Tan Xiao said, “Gēgē.”
Zhang Xingchuan said, “Here we go again.”
Tan Xiao said, “What can I say — I’ve got no other tricks. Just the one talent: acting spoiled.”
Zhang Xingchuan didn’t know what to do with himself and ended up laughing.
Tan Xiao glanced toward the interior of the house. The auntie was nowhere to be seen; Mrs. Jiang and Old Zhang were upstairs having a one-on-one tutorial in short-video production.
He nimbly settled himself into Zhang Xingchuan’s lap, wrapped his arms around Zhang Xingchuan’s neck, and embarked on a vigorous campaign of spoiled affection.
Zhang Xingchuan had absolutely no defences against this. In under thirty seconds he surrendered. “Alright, alright, I’m not angry — stop fake-crying.”

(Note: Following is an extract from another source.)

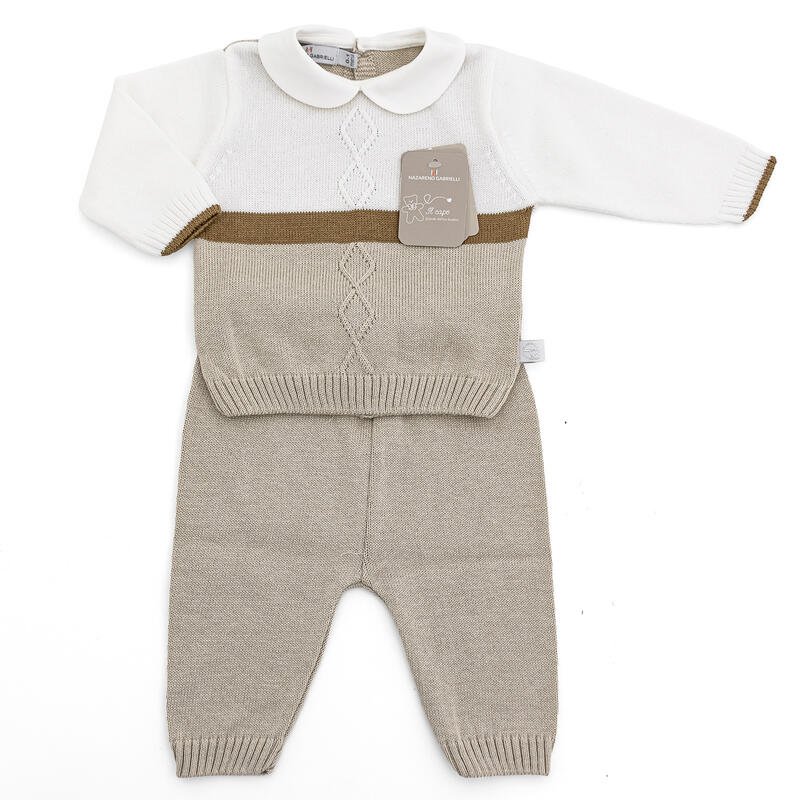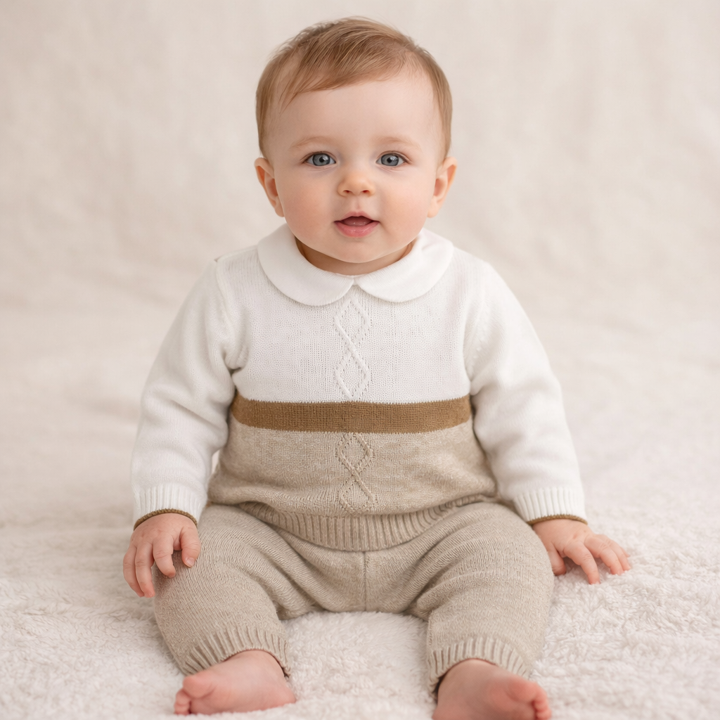 Un elegante completo primaverile in maglia di cotone, perfetto per le giornate più fresche della stagione. La maglia, impreziosita da una delicata lavorazione a trecce, presenta un raffinato colletto bianco per un tocco classico e sofisticato. Il pantalone elasticizzato assicura il massimo comfort e libertà di movimento per il tuo bambino.

Tan Xiao said, “I’m sorry. It was my fault.”
“That’s not required either,” Zhang Xingchuan said. “Having your own mind is a good thing. I was a bit annoyed — I’m over it now.”
His mild dissatisfaction, if he was being precise about it, was that something this significant to Tan Xiao’s life had unfolded without him feeling any part in it.

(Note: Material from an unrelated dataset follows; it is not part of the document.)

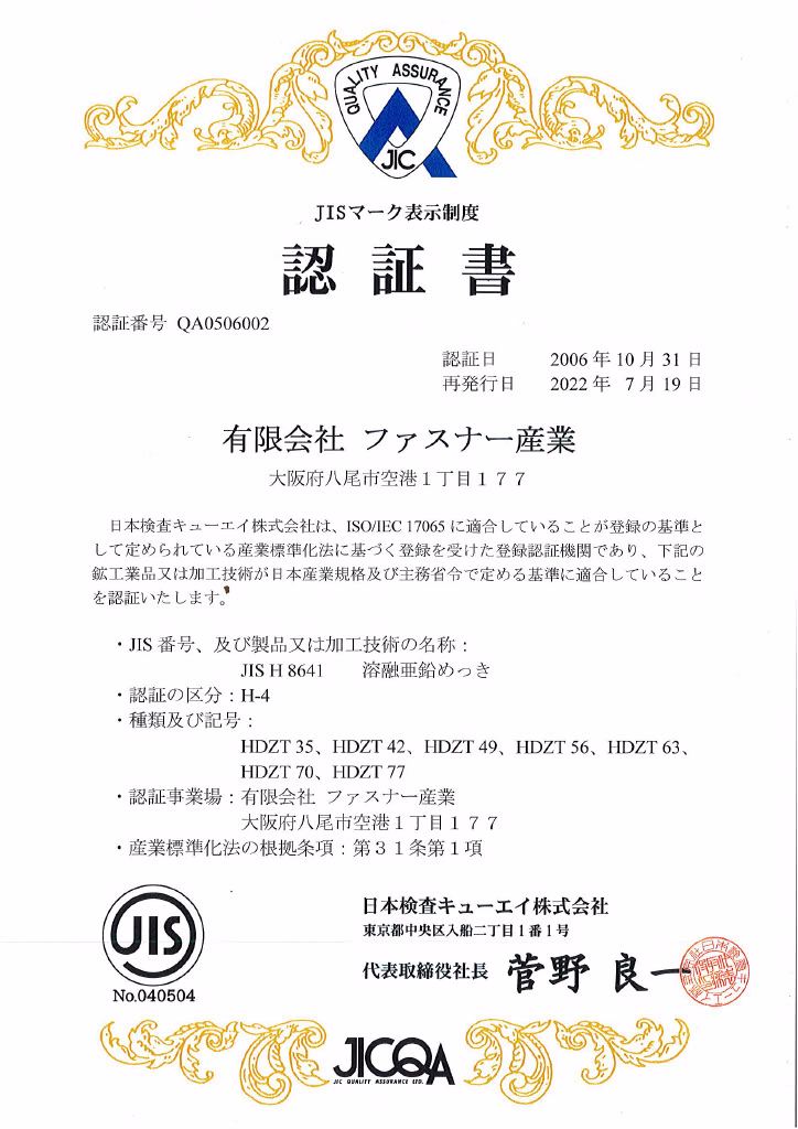 日本の産業製品に関する国家規格であるJIS(日本産業規格)が定める厳しい基準をクリアし、高品質で安定した溶融亜鉛めっき製品を製造できる工場として認定されています。耐食性・耐久性が求められる重要部品も安心してお任せください。

Tan Xiao said, “It’s all my fault. I just… it’s habit. Before, there was never anyone who waited for me to talk things through.”
Zhang Xingchuan had nothing to say to that.

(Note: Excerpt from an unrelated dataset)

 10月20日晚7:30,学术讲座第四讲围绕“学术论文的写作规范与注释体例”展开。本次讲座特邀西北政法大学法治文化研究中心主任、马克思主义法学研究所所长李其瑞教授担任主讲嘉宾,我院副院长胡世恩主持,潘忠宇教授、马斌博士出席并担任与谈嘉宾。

This was far more devastating than being spoiled at. At some point in the middle of the night Zhang Xingchuan would probably wake up and give himself a smack for bringing it up.
Oh, I really am something, Tan Xiao thought inwardly. Playing the spoiled card works. Playing the sad card works. He’s so easy to manage, my adorable husband.
The two of them made up tenderly. They were already holding each other; their eyes met twice, and Zhang Xingchuan leaned in and kissed him.
Tan Xiao was enjoying the kiss immensely and was simultaneously terrified out of his mind. This was pushing his nerves to the limit. He was acutely afraid of the actual parents walking in, and equally afraid the auntie might materialise without warning.
Zhang Xingchuan laughed. “How are you suddenly nervous? A moment ago you were bold enough.”
Tan Xiao was quite embarrassed. “In their eyes I have an image to maintain — if they see this, my whole persona collapses.”
“What persona?” Zhang Xingchuan said. “In a moment I’m going to go tell tales on you — going to Europe on your own without consulting your family. Private planes can add passengers last minute, can’t they? I’m coming too.”
Tan Xiao said, “Dear husband and family elder, your Tan Zi涵has a long-stay Schengen.”
To ensure he could travel to Europe at any time the family summoned him, his passport always contained a current, in-date Schengen visa. The Lawyer Hua who would shortly be accompanying him held a Hong Kong passport.
Zhang Xingchuan was just an ordinary Chinese citizen — he couldn’t simply up and go to Europe on a whim.
Well, who was there to blame but himself for not working hard enough? His little Wencheng hadn’t even expanded its operations to continental Europe yet, which meant the CEO naturally hadn’t needed to keep a long-stay Schengen on hand. And now, here he was — stuck being a husband left behind at home.
After dark, the snow stopped. Zhang Xingchuan drove Tan Xiao to Capital Airport.
Lawyer Hua and her assistant had flown in from Hong Kong and were already waiting at the airport.
“Thank you for all your trouble,” Zhang Xingchuan said, shaking her hand. “I can’t go myself — I’m entrusting him to you, Senior.”
Lawyer Hua smiled. “I’ll do everything I can.”
Tan Xiao said, “We’re only going to sign a document. Senior, Junior — you two don’t have to look so grave about it.”
Lawyer Hua said with a smile, “Let’s hope it all goes smoothly.”
A silence fell over the three of them.
Zhang Xingchuan was uneasy, unable to predict what might happen on the other side. He had no plan, no backup plan — his heart simply hung there, unable to settle.
Tan Xiao appeared unbothered, but inwardly he wasn’t light-hearted either. He was more anxious than anyone about something going wrong — especially now, when he was just one step away from freedom.
“Actually,” Lawyer Hua said suddenly, “I’m a little nervous right now.”
Zhang Xingchuan and Tan Xiao both paled simultaneously. Please — not now, of all times, for her to falter!
Lawyer Hua said, “I’ve never been on a private jet before.”